Second, integrate over the distribution of L:
E[D(S,L)] = E[ E[D(S,L)|L] ] = int_0^\infty E[D(S,L) | L = y] y/(2*l^2)exp(-y/l) dy =

alpha*( s - (s/l^2)/(1/l + 1/s)^2 - 3/(2*l^2)/(1/l + 1/s)^3 ).

Moreover, s and l are determined by lambda and Lo, since E[S] = 2*s = lambda and E[L] = 2*l = Lo. Note that Var[S] = 2*s^2 = lambda*s and E[L] = 2*l = Lo, Var[L] = 2*l^2 = Lo*l, so the variance "scales" differently than in the case when we use exponential distributions.

What parameters do you use for drawing the graphs above? (i.e., Lo, and the paramters for lambda(t) ).

There is an interesting property if you convolve two exponentials with L0 and L1 characteristic lengths. The result is essentially proportional to "exp(-x/L0)-exp(-x/L1)" where L1>L0.

This means that the expected value should be
1/(1/L1+1/x) - 1/(1/L0+1/x)

If I pick something like L1=8 units and L0=7 units then the incremental dispersion looks like:

(this is the derivative of the above function)

What I like about it, is that it generates the "cusp" that Hubbert saw on his cumulative footage return graph. Look at the superimposed blue curve:

The non-sweet spot return shows a plateau at zero (constant positive rate) whereas the sweet spot definitely shows a cusp, which may be reflected by the actual data that Hubbert plotted.

I will try to reconcile the difference between your formula and this one. Admittedly, I did this my derivation in my head because of the convolution identity that dawned on me.

Yes, if L is a sum of independent exponentials with means Lo and L1, then L has density

(*) 1/(L1-L0)*( exp(-x/L1)-exp(-x/L0) ), for x >= 0.

(Of course, when L0->L1 this will collapse to a Gamma distribution with 2 degrees of freedom).

In the formulas above, I assumed that S is also Gamma(2,s) distributed, which perhaps is harder to give a physical interpretation than for L. If we assume S ~ Exp(lambda) and L density (*), then

E[D(S,L)] = lambda*(1 - 1/(L1-Lo)*(1/(1/lambda + 1/L1) - 1/(1/lambda + 1/Lo)) ).
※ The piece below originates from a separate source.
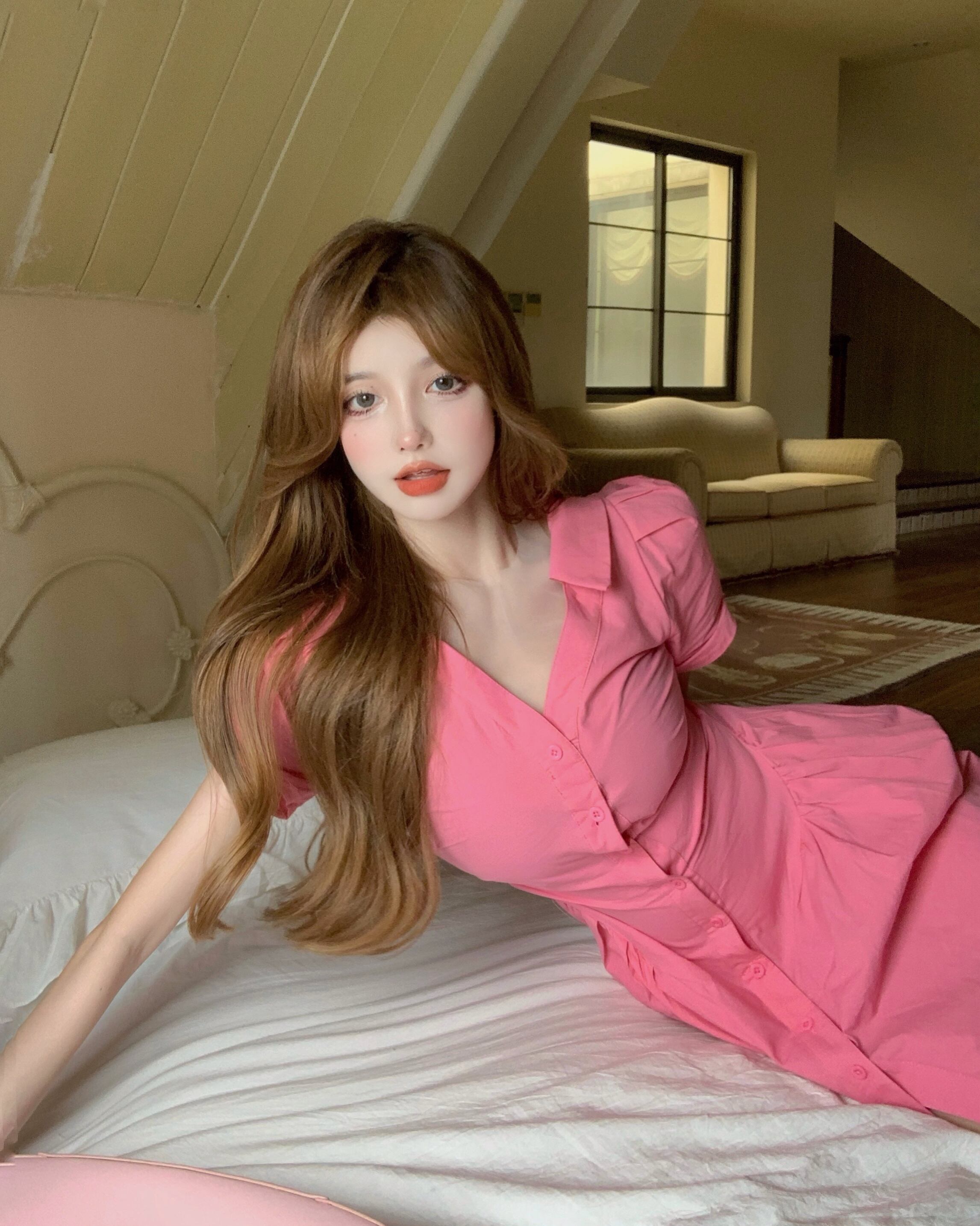 シャツ ドレス カラーレッドウェストショートスカート サマー 夏物 ブラックストロベリース52995850277

But perhaps all this fiddling around with different distibutions is of moderate interest: it is probably most important to recognice that the most important thing is to have some kind of uncertainty ("dispersion") in lambda and L. Whether this is the case, I would say, comes down to how sensitive the "output" is to the various assumptions on the distributions, the "output" being whatever the model help us to say about the real world. (In this case, perhaps the expected volume of discoveries in the next few years.)

Another thing we could try to adress is the sample variability: we have focused on the mean of D(S,L), but it should be straight forward to compute condfidence intervals for future discoveries, given assumptions on the distributions of S and L. (Maybe you already did this).

Another (minor) comment: i don't think the single dispersive model corresponds to a uniformly distributed L --- in that model, L = Lo deterministically (i.e. point mass 1 at Lo in probability lingo).

In fact, L uniformly distributed on [0,2*L0] (to make E[L] = L0) gives

E[D(S,L)] = labmda*( 1 - 1/(2*Lo) + 1/(2*Lo)*exp(-2*Lo/lambda) ).